A picture of Anne holding her daughter Princess Elizabeth in her arms after her baptism

Nevertheless Princess Elizabeth was a beautiful baby girl with her father King Henry VIII’s red hair and Anne’s dark brown eyes. King Henry VIII and Anne came to accept their child for who she was, care about her, and deeply love her and ended up being proud of their daughter’s beauty, intelligence, charm, drive, elegance, fine sense of humor, grace, liveliness, and sweetness. King Henry VIII did his best to comfort Anne by reminding her that their daughter Princess Elizabeth was healthy and that boys should surely follow her. The infant princess ended up being given a splendid christening. Following the birth of her daughter Princess Elizabeth Anne proved her to be a devoted mother to Princess Elizabeth. She had gone to request to King Henry VIII that their newborn daughter Princess Elizabeth be allowed in her chambers so that she could breast-feed her, but King Henry VIII had refused to do so since it was deemed unfit for a grand lady to not have a wet-nurse and she had insisted upon keeping Princess Elizabeth on a silken pillow by her side whenever possible. Anne inevitably feared that Katherine of Aragon’s daughter Lady Mary, who had been stripped of her title as a princess and labeled a bastard, posed a threat to Princess Elizabeth’s position.  King Henry VIII had managed to soothe his new wife’s fears by removing Lady Mary from her household at the manor Beaulieu and separating her from her many servants to send her to Hatfield House to serve as a lady-in-waiting to where  her half-sister Princess Elizabeth would be living with her own sizeable staff of servants and where the country air was thought to be better for the newborn baby’s health.

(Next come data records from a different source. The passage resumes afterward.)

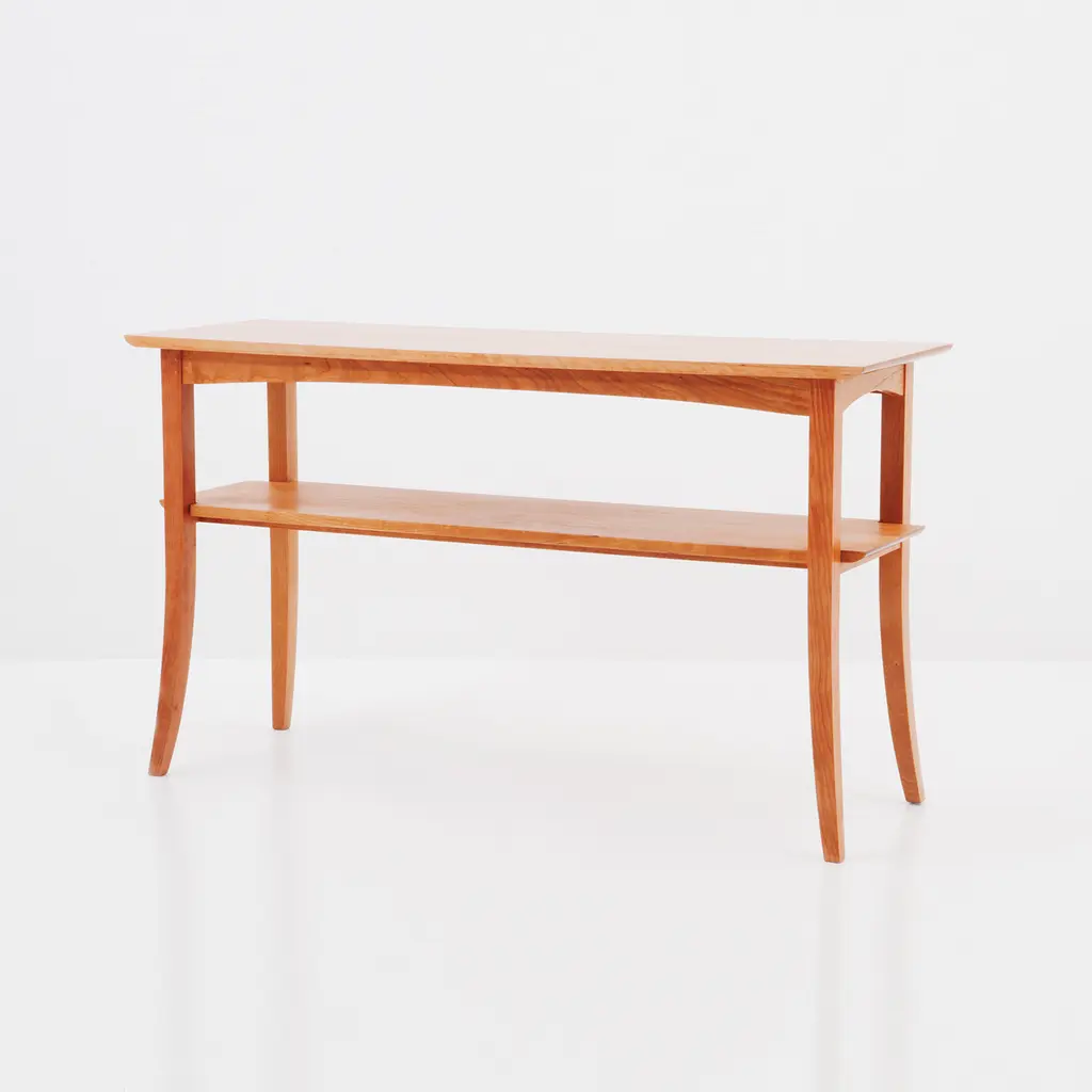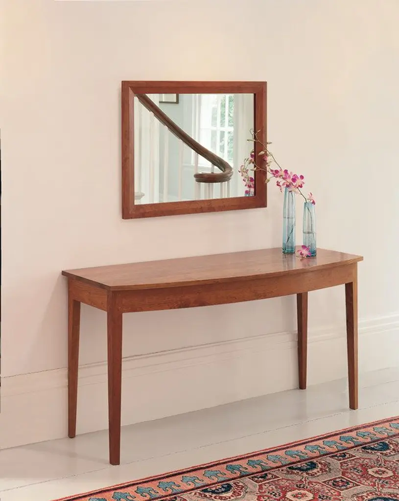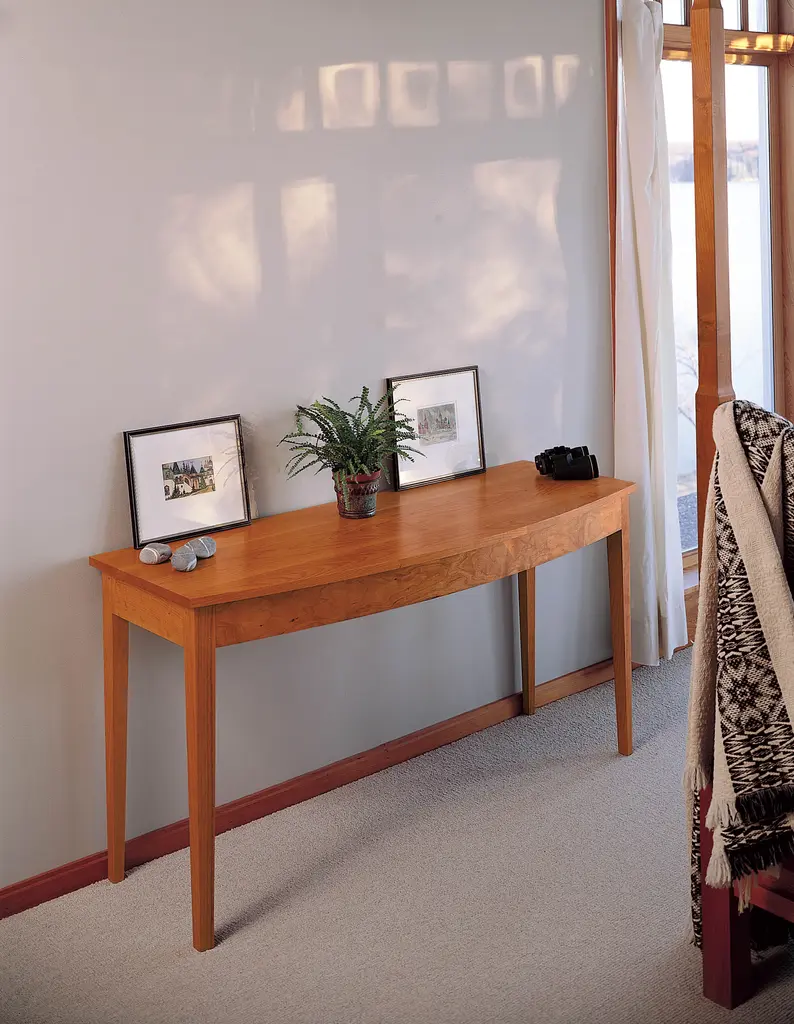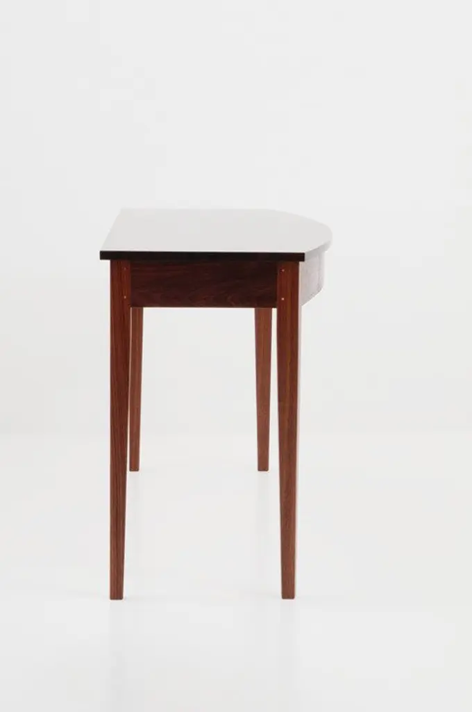 The versatile Bowfront Table adds a graceful presence to any entryway, dining space, or bedroom. Inspired by simple forms, this supremely functional table includes the option of a concealed front drawer for storage of small items. This tables striking tapered legs and solid wood top makes a satisfying statement while keeping a light presentation.
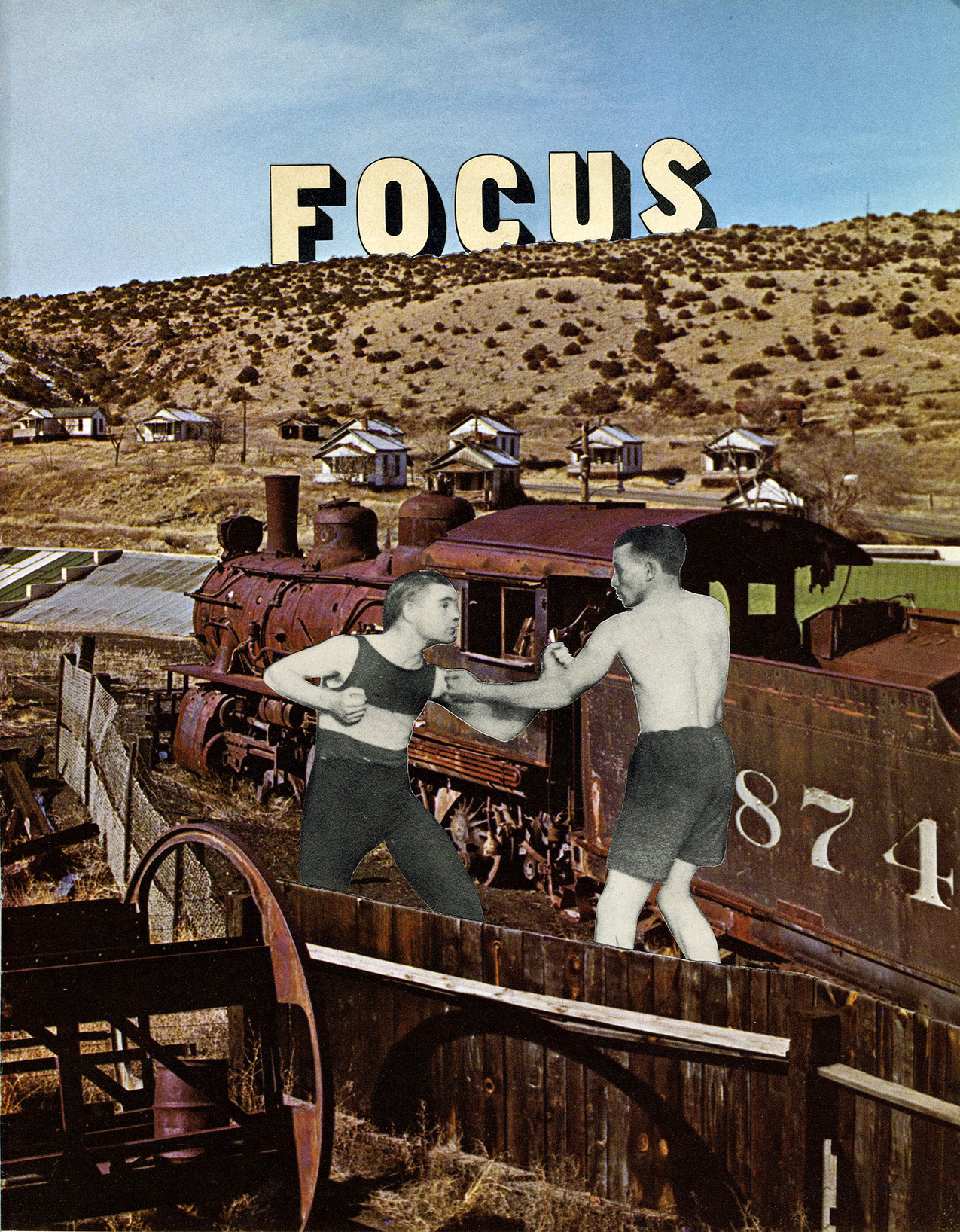 She likens her mix and match of images to dating. “If the images seem like their playfully flirting with one another, at the same time, ‘never trusting and committing’, then I'll make them stick together.” The resulting affair between contrasts or ironies becomes something else entirely. For example, by adding the text “mamaw” (monster) into the muscle man-graveyard mix, the transformation from man to beast becomes complete. In each new “affair”, she purchases a new identity for the images by defining the images against each other.
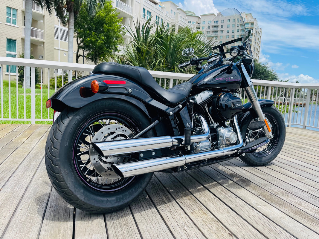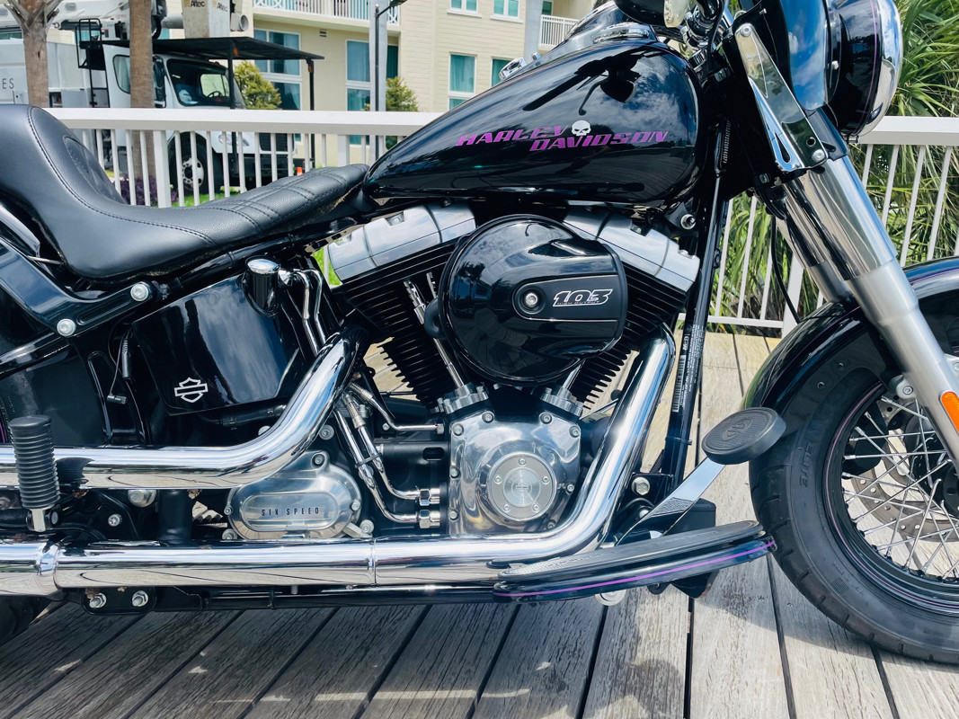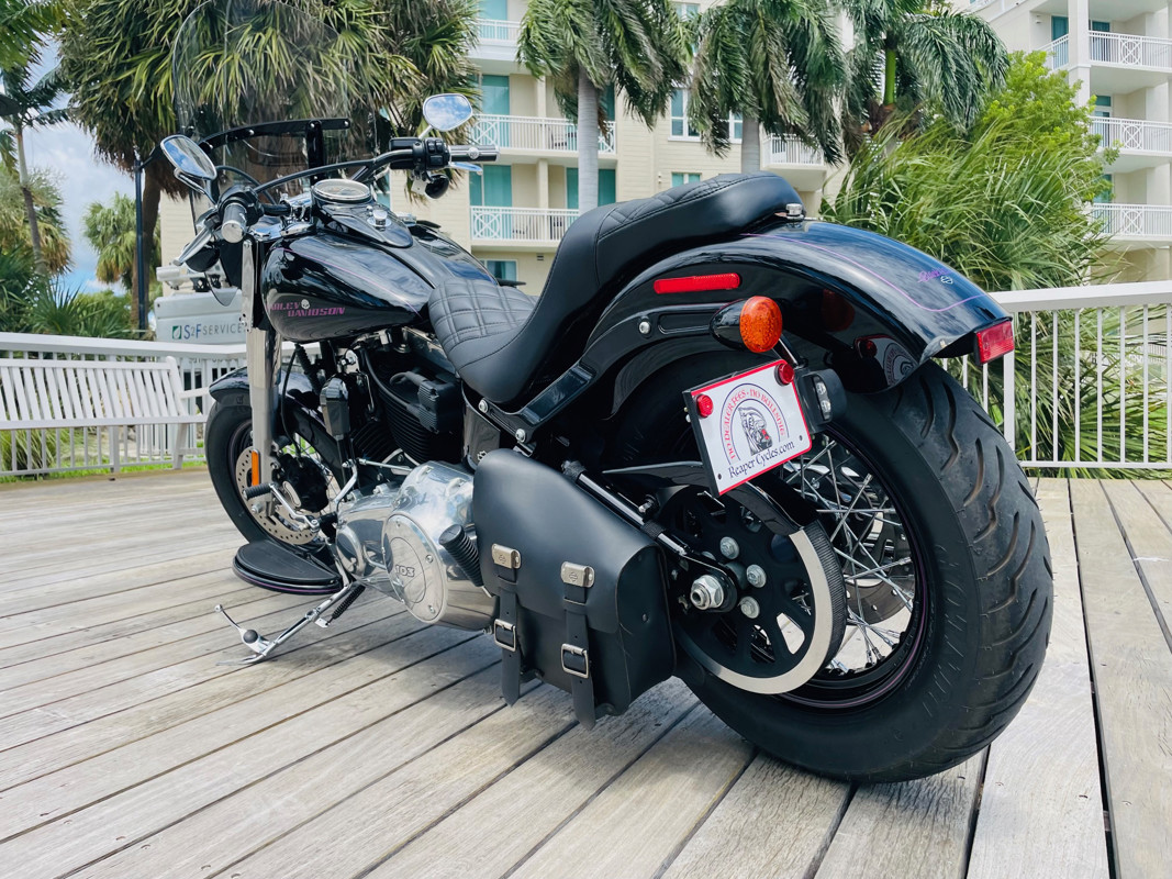 Beautiful “vivid black” paint with some nice option on the bike and in of course great overall condition. Garage kept, this bike shows almost no corrosion whatsoever. Fitted with the amazing 103ci engine and 6-speed transmission this bike will transform your riding. It has a Vance and Hines exhaust added for that special sound and the only real flaw is small damage to the rear fender and it has an unfortunate small dent in the left side of the tank. Fix it if you wanted to make it perfect or not worry about it. Cousin to the Fat Boy, “Slim” has a smaller rear tire and therefore nicer cornering abilities. Slim is just the sportier version of a Fat Boy. Tires are in good condition. Super low miles and already equipped with a passenger seat.
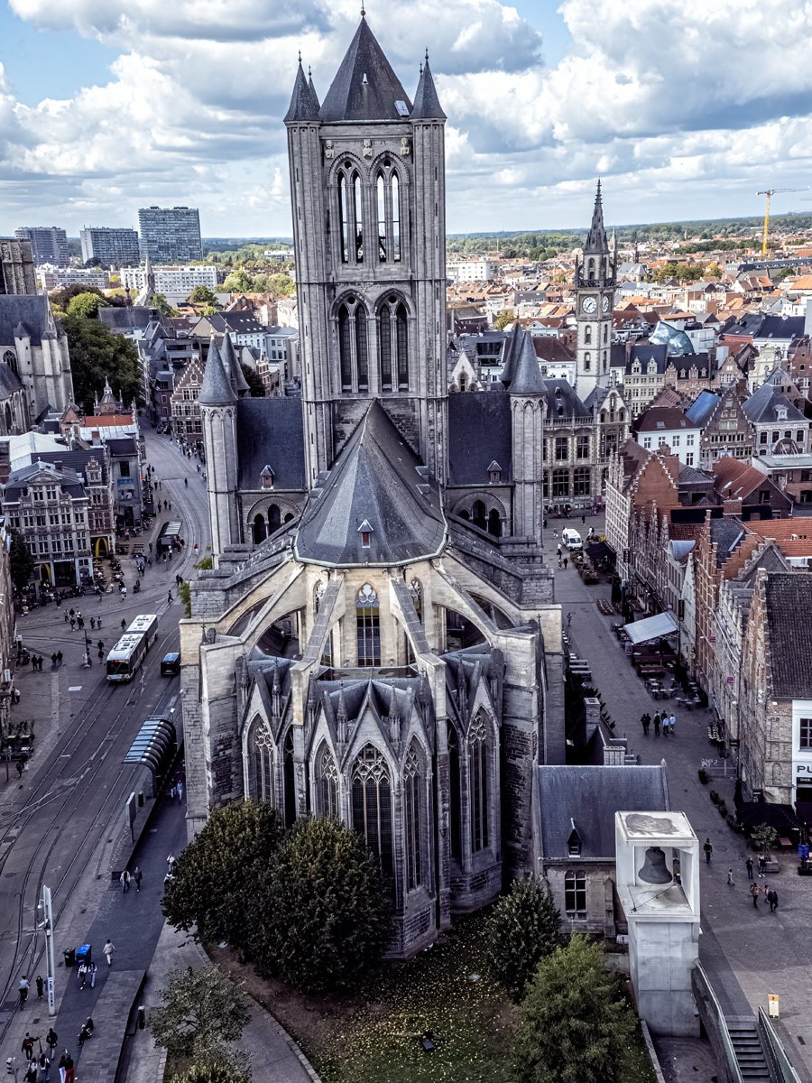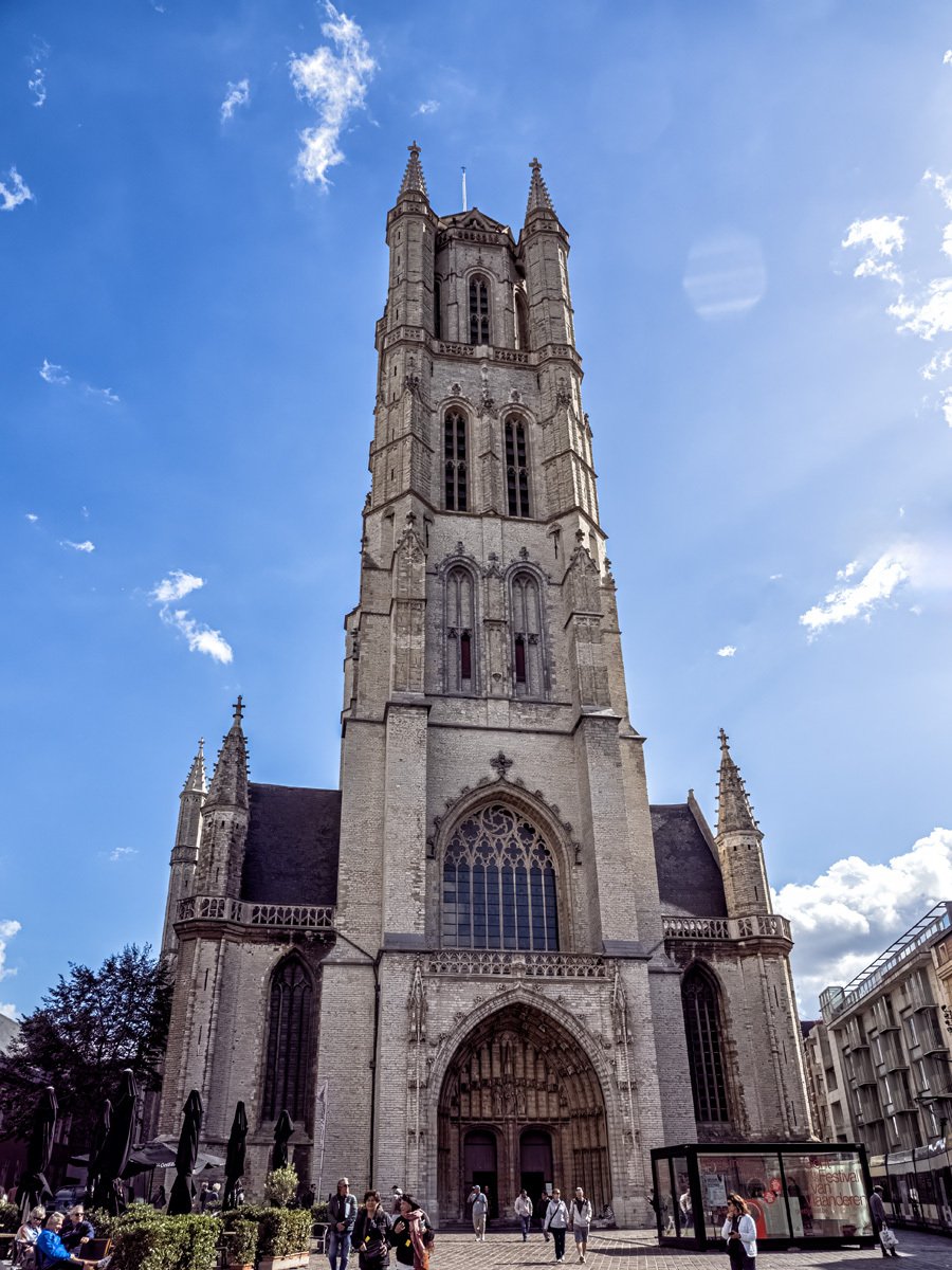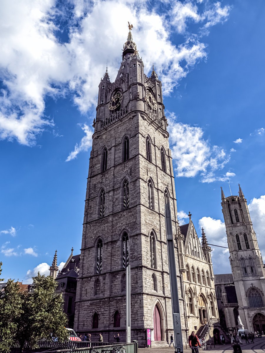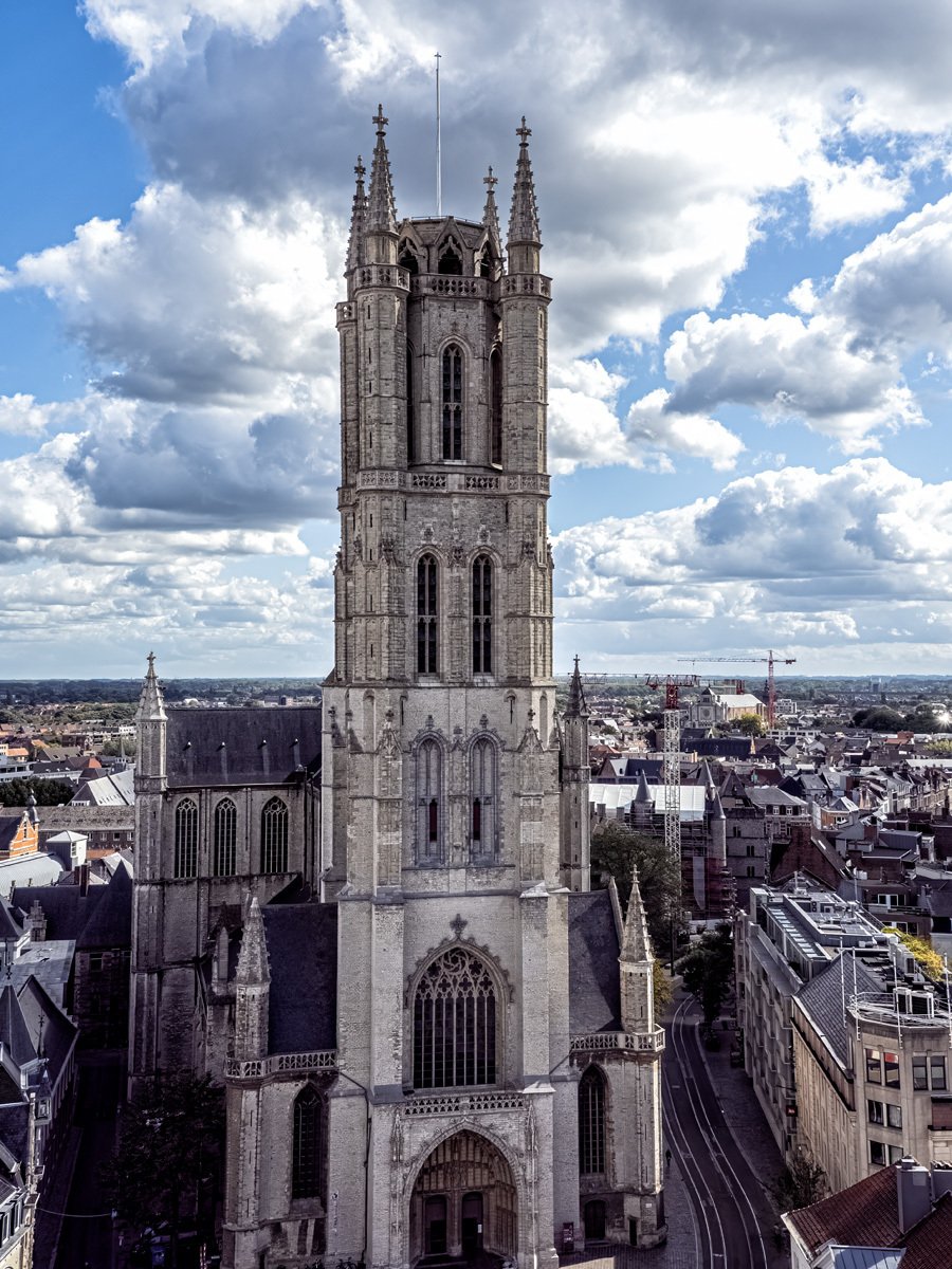 Once in town, we joined a walking tour that lasted about two hours, full of legends and quirky tales of Ghent’s past. Our guide was excellent—she clearly loved sharing the stories as much as we loved hearing them. Afterwards, we stepped into St. Bavo’s Cathedral, though we passed on seeing the famous Ghent Altarpiece—Jan van Eyck’s 1432 masterpiece that is often called the world’s first great oil painting. Instead, I climbed the Belfry of Ghent, a 91-meter medieval tower that’s part of a UNESCO World Heritage trio. The views from the top were worth every step. Peggy wisely chose to sit that one out and enjoyed a hot chocolate in a cozy café. We reunited to see St. Nicholas Church, which is lovely in its Gothic simplicity, though not quite on the scale of Antwerp’s mighty cathedral.

Anne visited her daughter Princess Elizabeth frequently at Hatfield House and other residences whenever possible.

 A picture of Anne visiting her daughter Princess Elizabeth at Hatfield House

 

Anne had been able to handpick several of the servants who made up Princess Elizabeth’s new household at Hatfield including Kat Ashley (who became Princess Elizabeth’s lifelong confidante and friend), Lady Margaret Bryan, and Lady Anne Shelton amongst others. She choice to send choice cuts of venison and other animals she caught while she went hunting for Princess Elizabeth to eat at Hatfield. Anne did spoil her daughter Princess Elizabeth with beautiful gowns, caps, delicate jewels, rich gifts, sweets, and toys. She ended up taking a major concern in Princess Elizabeth’s education as she drew up a study of classical languages for Princess Elizabeth to learn English, French, Greek, Hebrew, Italian, Latin, and Spanish for she was determined that her daughter would be just as well-educated as Katherine of Aragon’s daughter Lady Mary was. Anne would even often sit in on betrothal discussions for Princess Elizabeth which was an action unheard of in this time period.

 
A picture of Princess Elizabeth Tudor who became Queen Elizabeth I of England
 

Anne was pregnant again by Christmas 1533 and her gift to King Henry VIII at New Year was an exquisite table fountain of gold studded with diamonds, pearls, and rubies from which “ issueth water at the teats of three naked women standing at the fountain” probably designed by Han’s Holbein on January 1, 1534 with King Henry VIII giving her several caches of jewels and tremendous amounts of gold plate as her New Year’s Gifts.